Indeed, the Trump tax plan seems perfectly designed to exacerbate rising income inequality and stagnant middle class wages. Simply put, under Trump’s plan if a single adult construction worker making, say, $60,000 got a $5,000 Christmas bonus from his employer, he would pay at least a 20% tax on that bonus. Yet, under Trump, a successful hedge fund manager who nets a cool $5 million end-of-year bonus would actually pay a lower 15% rate on it. And note the well-off investment professional would be paying less on his bonus that the middle-class worker not because of complex tax avoidance, but because that is the unambiguous design of Donald Trump’s tax plan: It specifically set a higher tax rate for a single adult making over around $55,000 than for someone making millions per year in business income.

“The Trump tax plan seems perfectly designed to exacerbate rising income inequality and stagnant middle class wages.”
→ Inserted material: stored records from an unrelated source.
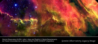 The Lagoon Nebula (catalogued as Messier 8 or M8, and as NGC 6523) is a giant interstellar cloud in the constellation Sagittarius. It is classified as an emission nebula and as an H II region.
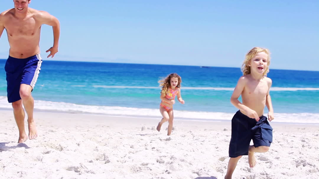 A joyful scene of a father and his two children running along a sunlit sandy beach. The clear blue ocean acts as a backdrop, emphasizing a fun and playful summer day. Ideal for promoting family-friendly vacations, summer beach activities, or advertisements focused on family bonding and active lifestyles.
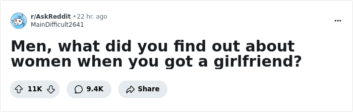 Moreover, what is interesting is that we don’t know much not only about a specific person, but also about the other gender in general. And the popularity of various online threads, where men and women exchange their own misconceptions, is further confirmation of this. For example, this thread in the AskReddit community, with 12K upvotes and nearly the same amount of comments in just two days.
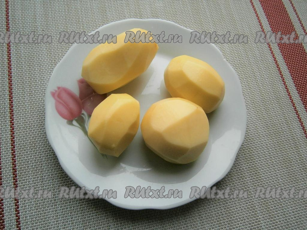 Нарезать картофель брусочками, залить полностью холодной водой и оставить на 7-10 минут.
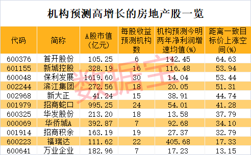 根据5家以上机构一致预测,11只地产股今明两年净利润增速均有望达到10%以上。以最新收盘价与机构一致预测目标价相比,首开股份、新城控股、保利发展、滨江集团等4股上涨空间逾50%。
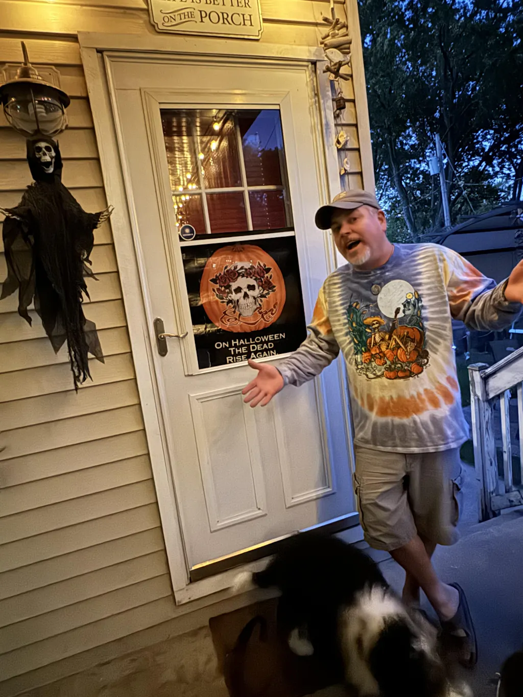 🍁 Psychedelic Fall Scene – Features a trippy skeleton guitarist under a harvest moon in a pumpkin patch
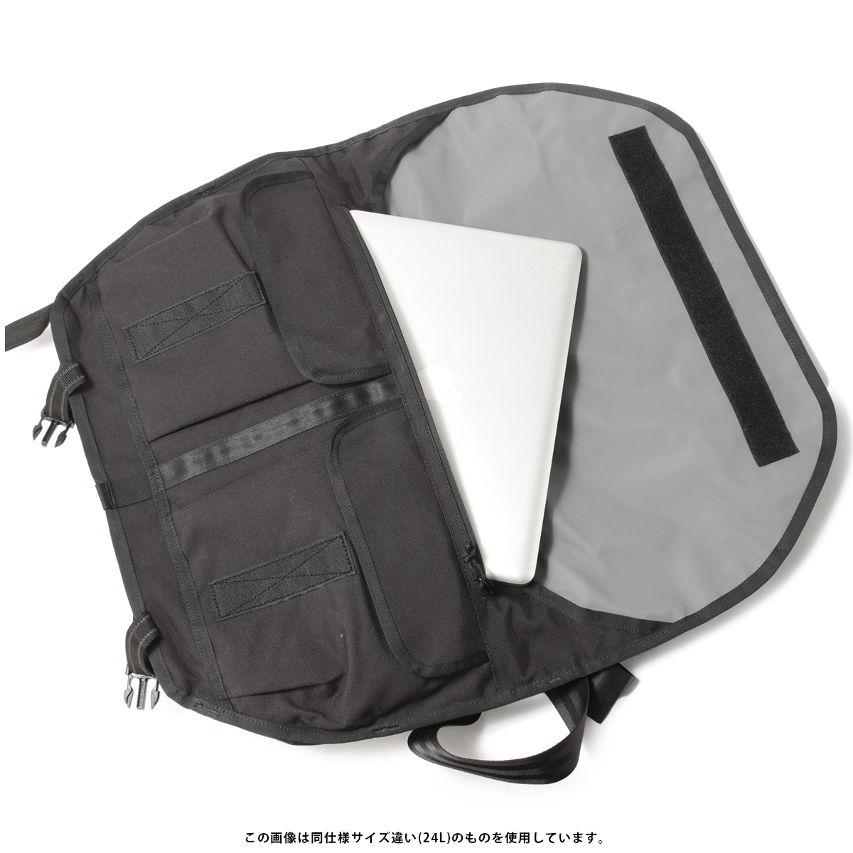 | ヘビーな雨が降る悪天候でも、防水素材に加えて仕切り部分・
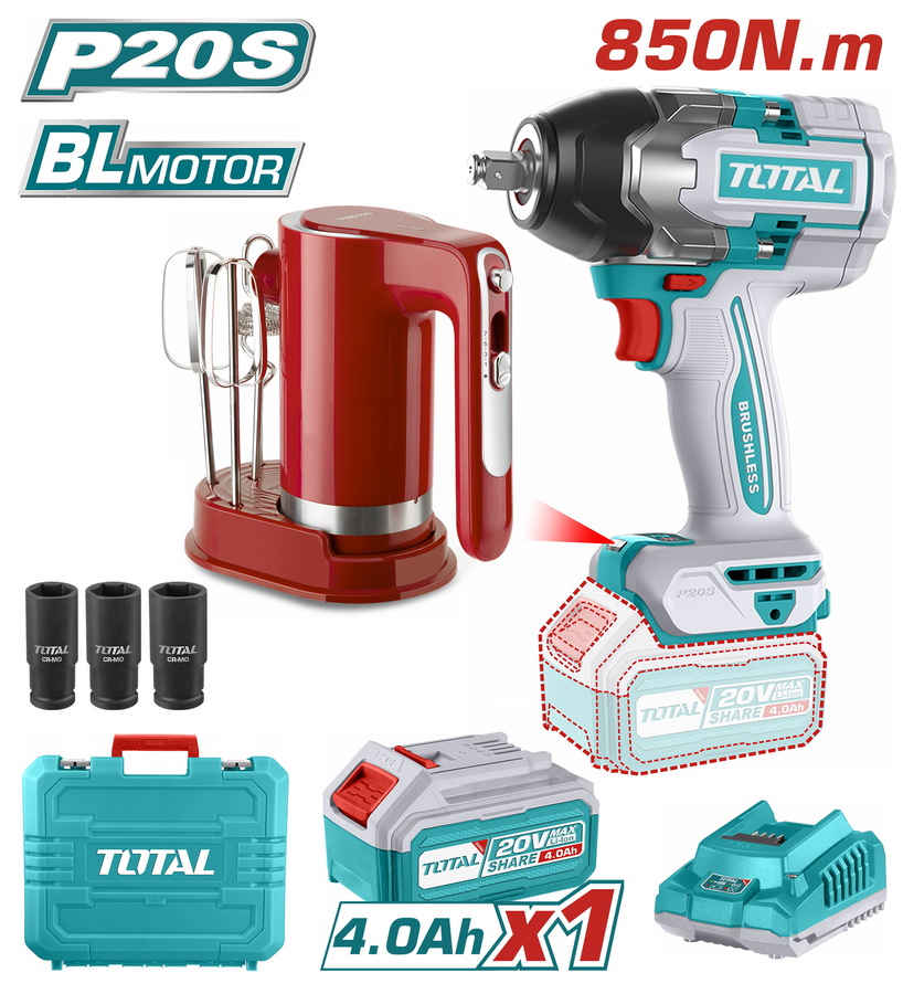 Total TOSLI240313E Σετ Μίξερ & Μπουλονόκλειδο Brushless 20V με 1 Μπαταρία 4Ah και Θήκη

Finally, at a time when there is more and more focus on not just unacceptable income inequality but disturbing degrees of wealth inequality, the Trump plan might as well be dubbed the Downton Abbey tax cut. Trump would completely eliminate the estate tax even for our nation’s largest fortunes while maintaining the stepped-up basis for capital gains, meaning that families with vast fortunes could permanently avoid paying taxes on huge amounts of wealth that they amassed simply by passing on to heir heirs stocks, real estate, and other assets whose values had risen significantly. So for example, a billionaire real estate tycoon could turn over vast fortunes of assets to his children that had increased in value by hundreds of millions of dollars with absolutely no one ever paying a penny of taxes. Far more successful and civic-minded billionaires like Bill Gates and Warren Buffett have railed against even the status quo estate tax regime as inconsistent with American values. This goes disturbingly further.

Just last month, when criticized for the massive debt increase and unfairness of his tax plan, Trump nixed an effort by some outside advisors to alter what is his most detailed economic proposal so far. So, despite his tax plan being at complete odds with his rhetoric, as we have seen in some of his private dealings, Mr. Trump clearly thinks false advertising is a better solution than actually fixing the problematic substance of his offerings.